Es increíble la influencia que puede tener en nuestras vidas unos enamorados tan “aparentes”, aunque sus voces nos suenen a teatro, como la de don Juan Tenorio; o las de Susana Díaz y Rajoy:
─ ¿Qué galanes las esperan?/ ¿Bajo qué mirto reposan?
¿Qué manos roban perfumes/ a sus dos flores redondas?
La jueza Alaya, que la pobre debe ser alérgica al polen, sigue empeñada en tocar las narices de los altos cargos, y en robar de tan almidonadas solapas el encendido beso de un clavel:
─ Un clavel, un rojo, rojo clavel/ A la orilla de tu boca…
¿Comprende usted que una ideología cabe en un verso?
En el caso de algunos de mis paisanos fueron los de Espronceda; en el mío en particular fueron de Eusebio Blasco, un poeta de tercera que escribió un poema − “Un duro al año”−en el que la cadencia de la voz siempre ataca con furia aquellos preciados versos:
−Ni creo en leyes humanas/ ni en el que las bombas tira.../ ¡Palabras!

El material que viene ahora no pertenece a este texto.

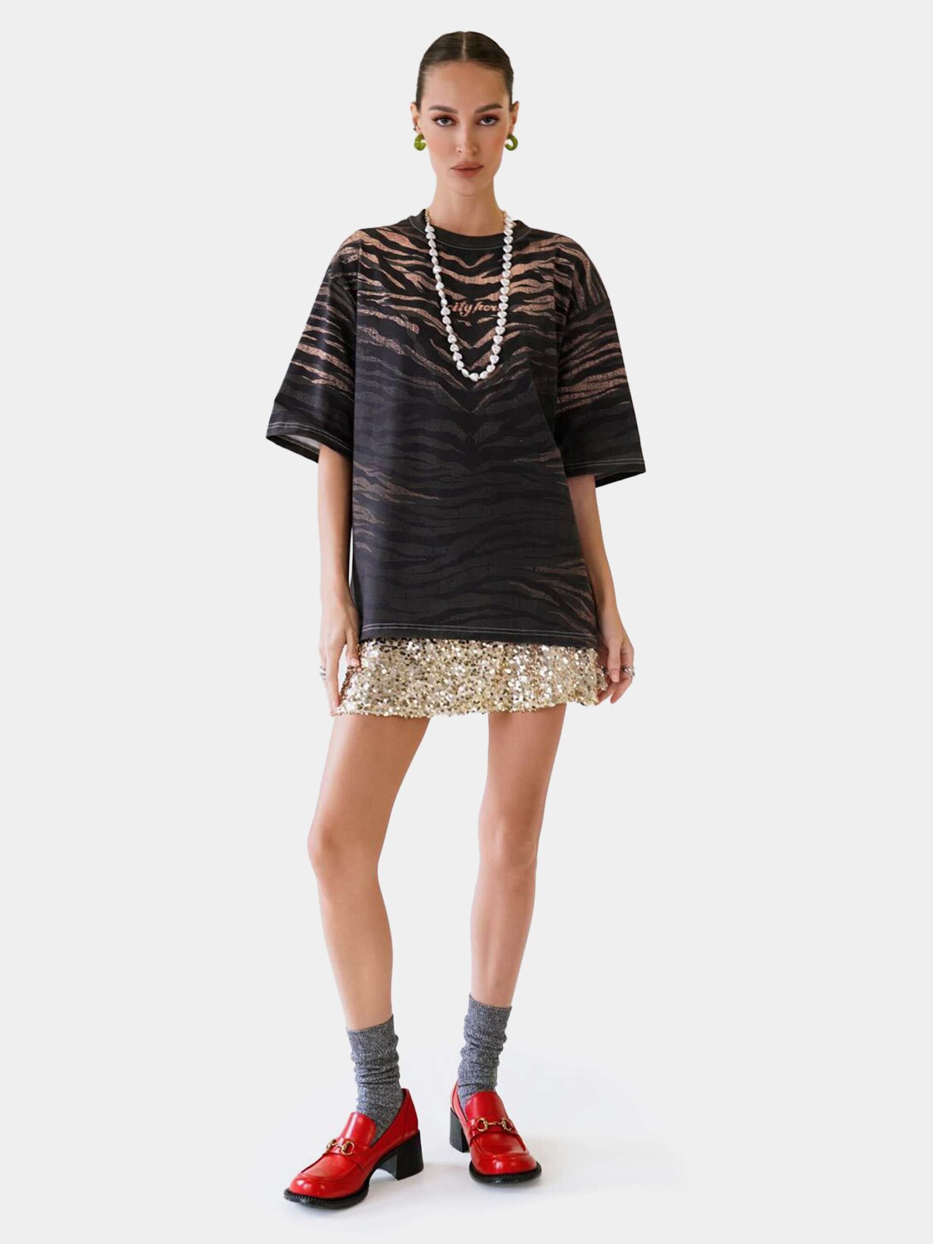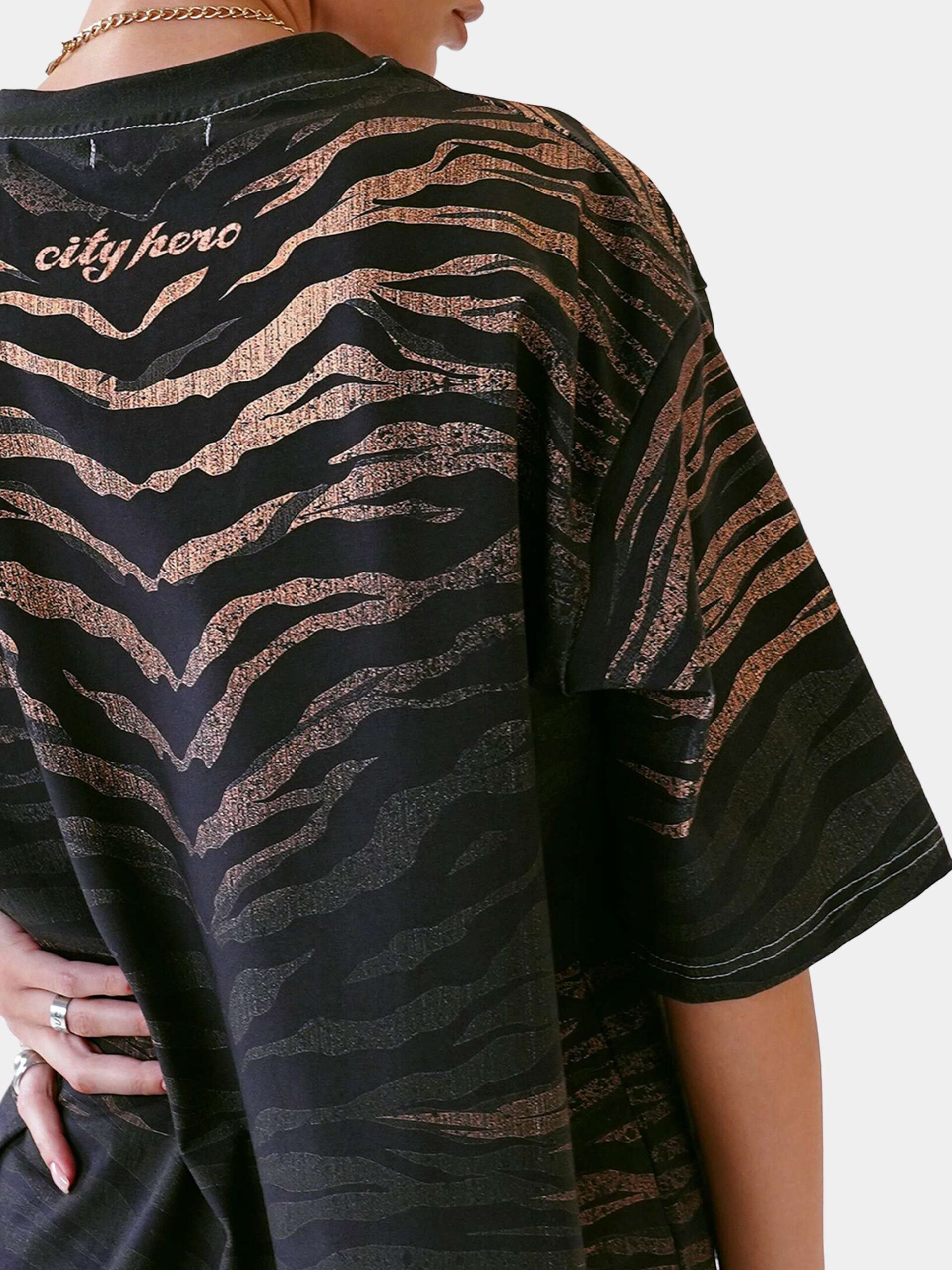 Футболка второго поколения в стиле интеллиджент оверсайз со стилизованным анималистичным принтом Тигр. Жаркие оттенки и анатомичная структура подчёркивают вашу грацию и свободу одновременно.

Palabras vanas. / ¡Mentira, todo mentira!
Si bien mi madre sustituía el tercero por otro similar que decía: “Ni creo en leyes divinas”. Y así, grabado en mi conciencia de españolito de a pie, el poema dejó su pátina en mi forma de ver la vida.
Que como el bueno de Machado, también me empeño en buscar a Dios, y alguna vez lo he encontrado, por el tesón de “buscar”; aunque mi único confesionario se reduzca a la cabina de un “Xantia como mucho:
−A mis soledades voy/ de mis soledades vengo/ porque para andar conmigo/ me basta mi pensamiento.
Sobre tan particular sentido poético de mi progenitora un familiar muy cercano me comentó que, en realidad “había nacido para esclava”, y fin de cualquier otra elucubración…
Me ofendí, porque gracias a tan generosas espaldas ese familiar y yo recibimos todo el amor que sólo ofrece una madre, y los “papeles” necesarios para poder sobrevivir:
−La señorita del abanico/ va por el puente del fresco río.
A las señoritas de abanico y a los caballeros de la levita los adora el pueblo llano ─por sus hermosas carnes rosadas, porque se hacen la manicura en los pies, y porque se visten de limpio todos los días y fiestas de guardar─ pero nunca se atreverá a expresarles su amor, a menos que ese día se levante con el pie derecho, como talentoso émulo de Urdangarín.
Las señoritas del abanico ─vestidas de malva y rosa, y “corselete escocés con cintas hasta la cola”─, también se enamoran del pueblo, aunque sólo sea a hurtadillas; y adoptan también rijosas costumbres que las llevan a transformar un prosaico paño en una poética mantilla de blonda, capaz de cubrir las desnudeces de la mismísima Josephine Baker.
La señorita del abanico se marca unas bulerías cuando el pueblo asiste a su casorio como admirable espectador.
Pero el pueblo, que se sabe pueblo, y que desconfía del aristócrata y del intelectual, aunque se llamen Quevedo, o Dionisio Ridruejo− ese conocido falangista que llamó a Franco por su nombre, y que en ningún pesebre medró− sabe por propia experiencia lo que vale un hermoso pan candeal o un reconfortante café.
Por eso me niego a oír que, tras treinta años de corrupción y de olvidos mi pueblo es “la bien pagá”; que si hablamos de competencias es más esforzado que Palmerín y más listo que Briján, y sabe en todo momento a quién tiene que votar, sin encaramarse a las ramas, ni jugar a los equilibrios en puentes que no ofrezcan a los suyos la necesaria protección:
−La señorita del abanico/va por el puente del fresco río.
Los caballeros con su levita/ miran el puente sin barandillas.